Work task:
Please restate word for word the lines of the entries below from the one with "1983 年 MUJI" to the one with "Voici les horaires", inclusive, and leave out every picture.

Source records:
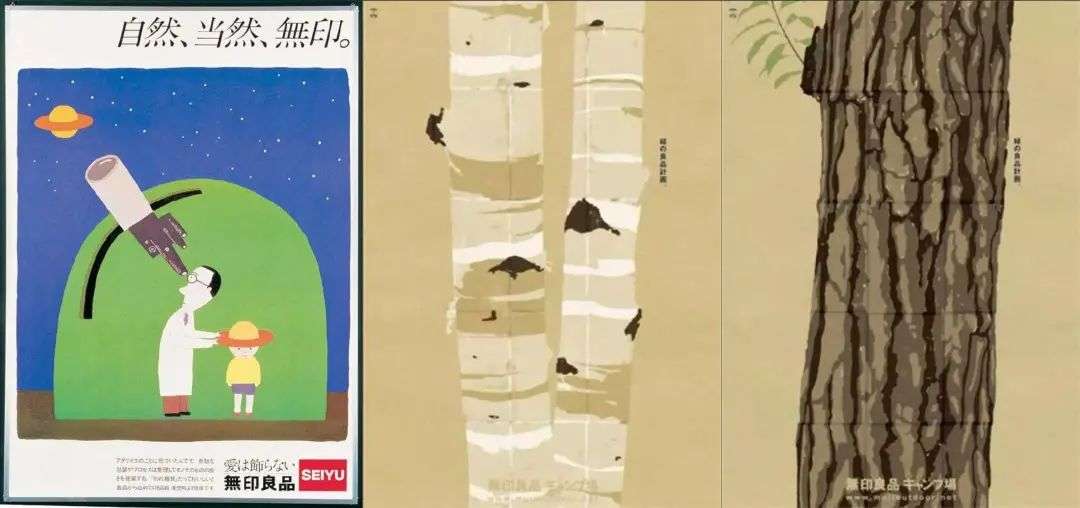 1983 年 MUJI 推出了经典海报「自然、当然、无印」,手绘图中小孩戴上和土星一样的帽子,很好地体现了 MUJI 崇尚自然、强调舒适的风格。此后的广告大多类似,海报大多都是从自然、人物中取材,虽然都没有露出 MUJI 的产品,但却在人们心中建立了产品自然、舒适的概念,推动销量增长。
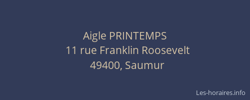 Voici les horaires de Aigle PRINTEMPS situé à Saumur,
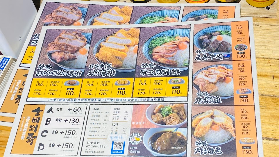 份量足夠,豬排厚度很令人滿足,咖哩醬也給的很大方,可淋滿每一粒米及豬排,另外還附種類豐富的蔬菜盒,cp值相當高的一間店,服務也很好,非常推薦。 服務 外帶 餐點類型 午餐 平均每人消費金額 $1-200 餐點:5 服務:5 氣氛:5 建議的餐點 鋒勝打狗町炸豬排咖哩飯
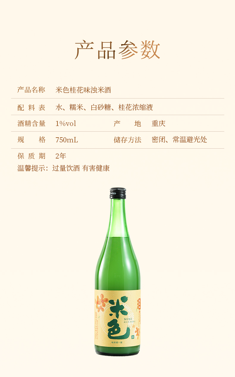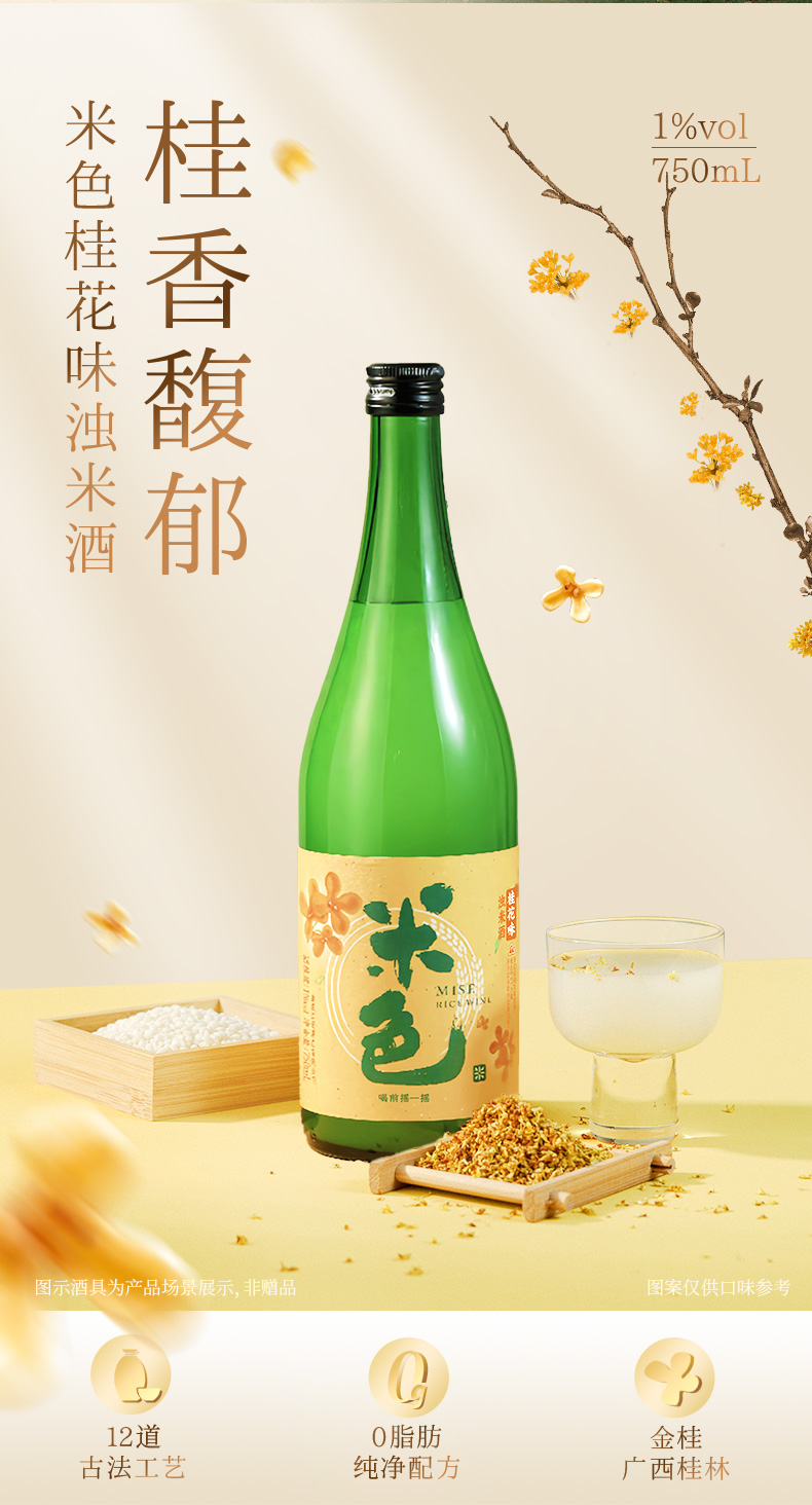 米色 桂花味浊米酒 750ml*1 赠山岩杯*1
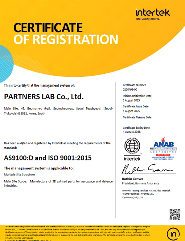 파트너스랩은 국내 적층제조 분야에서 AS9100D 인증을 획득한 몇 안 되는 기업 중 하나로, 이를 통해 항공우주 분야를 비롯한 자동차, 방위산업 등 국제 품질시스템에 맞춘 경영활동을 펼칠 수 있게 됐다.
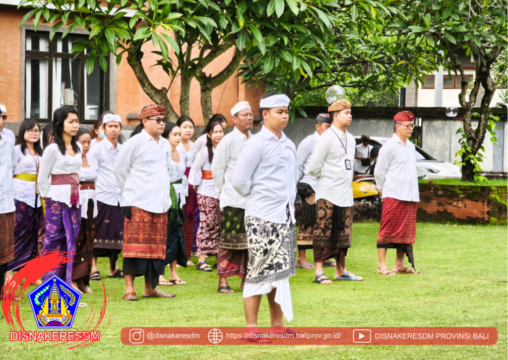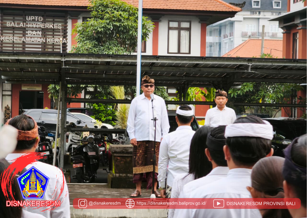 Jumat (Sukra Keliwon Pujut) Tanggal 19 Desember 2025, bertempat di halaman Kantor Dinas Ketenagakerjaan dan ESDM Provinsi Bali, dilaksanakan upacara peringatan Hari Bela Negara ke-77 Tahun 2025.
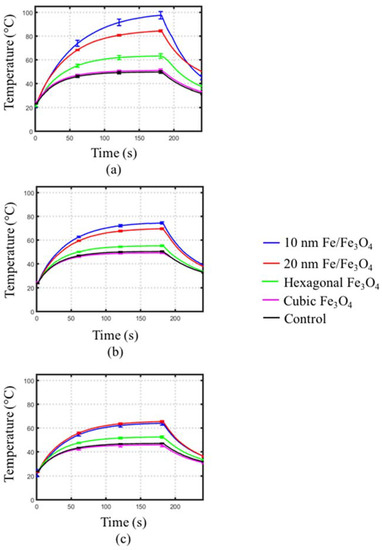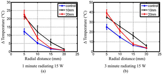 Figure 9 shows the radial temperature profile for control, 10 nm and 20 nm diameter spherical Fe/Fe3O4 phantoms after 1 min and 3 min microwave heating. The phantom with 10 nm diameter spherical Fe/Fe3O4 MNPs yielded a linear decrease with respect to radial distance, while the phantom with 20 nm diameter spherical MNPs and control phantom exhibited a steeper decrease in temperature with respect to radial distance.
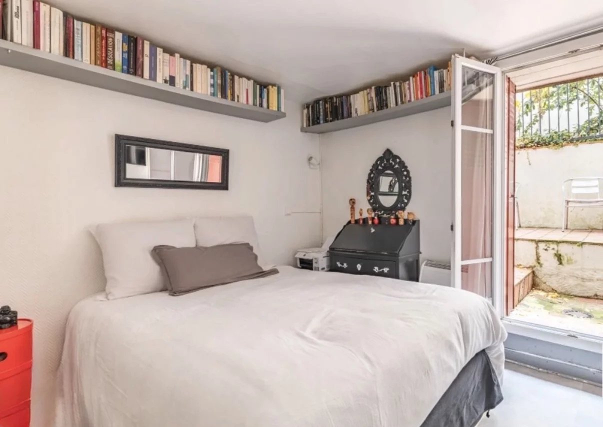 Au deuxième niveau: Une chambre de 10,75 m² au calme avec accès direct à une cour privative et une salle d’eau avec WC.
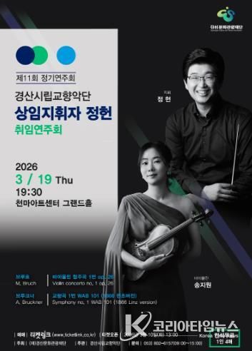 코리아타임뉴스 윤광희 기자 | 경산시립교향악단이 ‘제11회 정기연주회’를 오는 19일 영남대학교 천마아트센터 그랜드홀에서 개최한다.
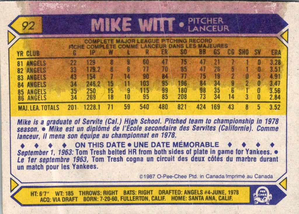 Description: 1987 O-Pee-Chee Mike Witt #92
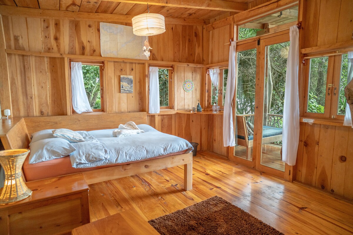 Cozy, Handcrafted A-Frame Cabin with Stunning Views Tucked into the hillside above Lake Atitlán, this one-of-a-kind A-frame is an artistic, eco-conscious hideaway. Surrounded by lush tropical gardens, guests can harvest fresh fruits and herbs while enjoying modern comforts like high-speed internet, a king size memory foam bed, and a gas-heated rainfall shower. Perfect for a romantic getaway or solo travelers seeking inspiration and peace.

==

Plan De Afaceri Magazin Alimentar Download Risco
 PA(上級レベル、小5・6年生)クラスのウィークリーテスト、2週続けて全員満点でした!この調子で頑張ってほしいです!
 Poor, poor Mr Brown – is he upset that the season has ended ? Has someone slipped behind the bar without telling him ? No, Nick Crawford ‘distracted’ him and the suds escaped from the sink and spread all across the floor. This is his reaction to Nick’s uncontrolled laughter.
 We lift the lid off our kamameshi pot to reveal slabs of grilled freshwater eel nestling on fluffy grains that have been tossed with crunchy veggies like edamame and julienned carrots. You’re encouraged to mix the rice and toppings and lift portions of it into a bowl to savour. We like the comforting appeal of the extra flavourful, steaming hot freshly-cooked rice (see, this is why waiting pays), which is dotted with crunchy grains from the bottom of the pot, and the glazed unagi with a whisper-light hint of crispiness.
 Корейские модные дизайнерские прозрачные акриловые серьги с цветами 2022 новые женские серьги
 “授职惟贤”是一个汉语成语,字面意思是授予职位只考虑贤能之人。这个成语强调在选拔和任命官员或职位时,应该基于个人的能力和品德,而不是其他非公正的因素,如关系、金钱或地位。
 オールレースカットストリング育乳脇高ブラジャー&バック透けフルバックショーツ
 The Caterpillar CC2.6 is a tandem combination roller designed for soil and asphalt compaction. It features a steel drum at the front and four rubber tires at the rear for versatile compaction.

Solution for this task:
 1983 年 MUJI 推出了经典海报「自然、当然、无印」,手绘图中小孩戴上和土星一样的帽子,很好地体现了 MUJI 崇尚自然、强调舒适的风格。此后的广告大多类似,海报大多都是从自然、人物中取材,虽然都没有露出 MUJI 的产品,但却在人们心中建立了产品自然、舒适的概念,推动销量增长。
 Voici les horaires de Aigle PRINTEMPS situé à Saumur,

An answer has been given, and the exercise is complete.